All functions should be implemented as we discussed.

I have not updated tests nor documentation so there might be some holes, but here is how it works:

julia> df = DataFrame(g=[2,3,1,1,2,2,3,1,2,1], x=1:10)
10×2 DataFrame
│ Row │ g     │ x     │
│     │ Int64 │ Int64 │
├─────┼───────┼───────┤
│ 1   │ 2     │ 1     │
│ 2   │ 3     │ 2     │
│ 3   │ 1     │ 3     │
│ 4   │ 1     │ 4     │
│ 5   │ 2     │ 5     │
│ 6   │ 2     │ 6     │
│ 7   │ 3     │ 7     │
│ 8   │ 1     │ 8     │
│ 9   │ 2     │ 9     │
│ 10  │ 1     │ 10    │

julia> gdf = groupby(df, :g);

julia> select(gdf, :g, :g => :g1, :g => (x->x) => :g2, :g => mean, :x, :x => :x1, :x => (x->x) => :x2, :x => mean)
10×8 DataFrame
│ Row │ g     │ g1    │ g2    │ g_mean  │ x     │ x1    │ x2    │ x_mean  │
│     │ Int64 │ Int64 │ Int64 │ Float64 │ Int64 │ Int64 │ Int64 │ Float64 │
├─────┼───────┼───────┼───────┼─────────┼───────┼───────┼───────┼─────────┤
│ 1   │ 2     │ 2     │ 2     │ 2.0     │ 1     │ 1     │ 1     │ 5.25    │
│ 2   │ 3     │ 3     │ 3     │ 3.0     │ 2     │ 2     │ 2     │ 4.5     │
│ 3   │ 1     │ 1     │ 1     │ 1.0     │ 3     │ 3     │ 3     │ 6.25    │
│ 4   │ 1     │ 1     │ 1     │ 1.0     │ 4     │ 4     │ 4     │ 6.25    │
│ 5   │ 2     │ 2     │ 2     │ 2.0     │ 5     │ 5     │ 5     │ 5.25    │
│ 6   │ 2     │ 2     │ 2     │ 2.0     │ 6     │ 6     │ 6     │ 5.25    │
│ 7   │ 3     │ 3     │ 3     │ 3.0     │ 7     │ 7     │ 7     │ 4.5     │
│ 8   │ 1     │ 1     │ 1     │ 1.0     │ 8     │ 8     │ 8     │ 6.25    │
│ 9   │ 2     │ 2     │ 2     │ 2.0     │ 9     │ 9     │ 9     │ 5.25    │
│ 10  │ 1     │ 1     │ 1     │ 1.0     │ 10    │ 10    │ 10    │ 6.25    │

matthieugomez · 2020-04-28T18:10:50Z

I’ve tried it a little bit and it feels very good from a user perspective!

bkamins · 2020-04-28T21:31:17Z

@nalimilan - there is one thing on top of what was my idea in #2206 (and something you said you wanted to allow anyway).

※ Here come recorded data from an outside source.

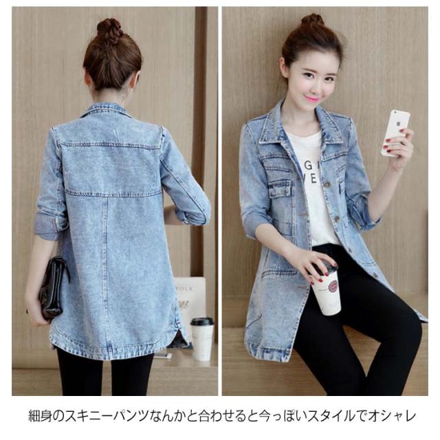《送料無料》S-5XLサイズ!デニムアウター レディース デニムコート ミディアム Gジャン デニム 羽織り ロングコート 小さいサイズ 大きサイズ ポケット付き 春 秋 大人カジュアル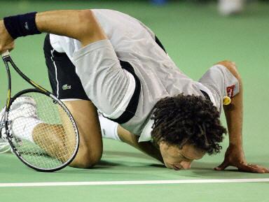 2005年澳网半决赛,萨芬在获胜后“安慰”费德勒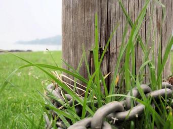 Keywords: wooden pole chain grass nature green chained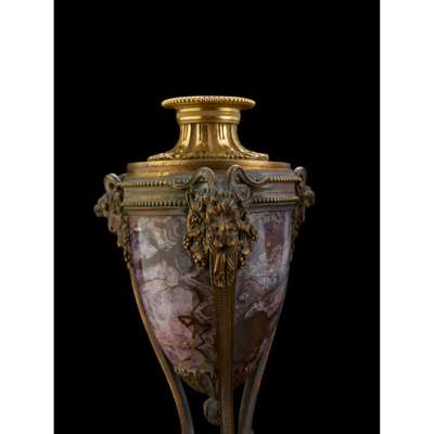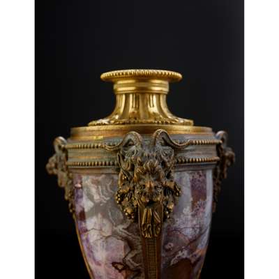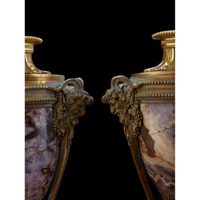 A PAIR OF GEORGE III BLUE JOHN AND ORMOLU CASSOLETTES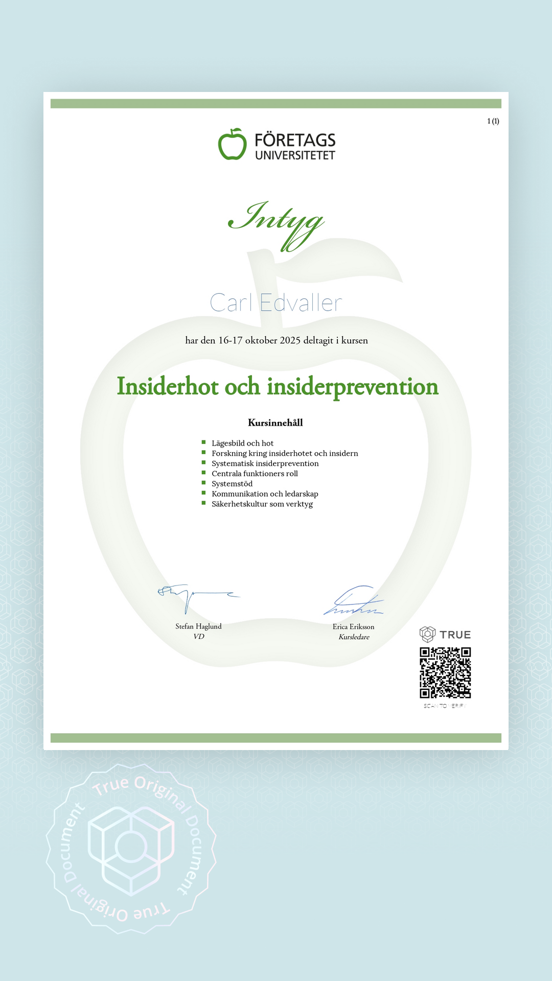 Alla TRUE -document är säkrade med blockchain-teknologi och kan verifieras som äkta. Klicka på verifieringsknappen bredvid dokumentet eller skanna QR-koden med din smartphones kamera. Ingen app krävs - dokumentets äkthet verifieras omedelbart.

We should treat GroupedDataFrame as canonical irrespective of its ordering, as long as it contains all groups. I guess no one will oppose this 😄, as it was only me who wanted to be strict. The reason for this is that groupby automatically sorts GroupedDataFrame - even if not asked for - if all grouping columns are CategoricalVector. I will try to make the changes needed to reflect this fact.

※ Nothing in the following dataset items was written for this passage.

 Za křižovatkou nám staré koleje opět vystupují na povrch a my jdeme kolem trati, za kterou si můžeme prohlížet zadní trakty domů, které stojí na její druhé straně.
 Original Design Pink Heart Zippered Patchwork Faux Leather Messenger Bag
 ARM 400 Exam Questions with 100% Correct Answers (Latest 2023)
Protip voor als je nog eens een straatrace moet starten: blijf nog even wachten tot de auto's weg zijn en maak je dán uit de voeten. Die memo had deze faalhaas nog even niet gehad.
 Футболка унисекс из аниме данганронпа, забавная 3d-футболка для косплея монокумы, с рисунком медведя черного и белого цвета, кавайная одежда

bkamins · 2020-04-29T22:32:04Z

I have finished the development and tests of the new functionality.
In the process some optimizations of the old code to reduce copying of the data were done.

Documentation is half-finished (i.e. I tried to update it everywhere but for sure it is not perfect). Maybe even we should agree to make a separate PR for polishing it later (but if you would have good suggestions now of course I am open for them).

src/abstractdataframe/selection.jl

matthieugomez

That looks great! I will do a pull request with dplyr/stata comparison, following the tables we did in the issue

docs/src/man/split_apply_combine.md

bkamins · 2020-05-01T14:51:08Z

OK, I was surprised that the gain was so small. Now I have fixed the performance (barrier functions came in handy; @nalimilan - as a side note the old map code was not only buggy but also inefficient due to type instability); the benchmark after the update is:

julia> @time df = DataFrame(g=rand(10^8));
  0.790909 seconds (28 allocations: 1.490 GiB, 22.32% gc time)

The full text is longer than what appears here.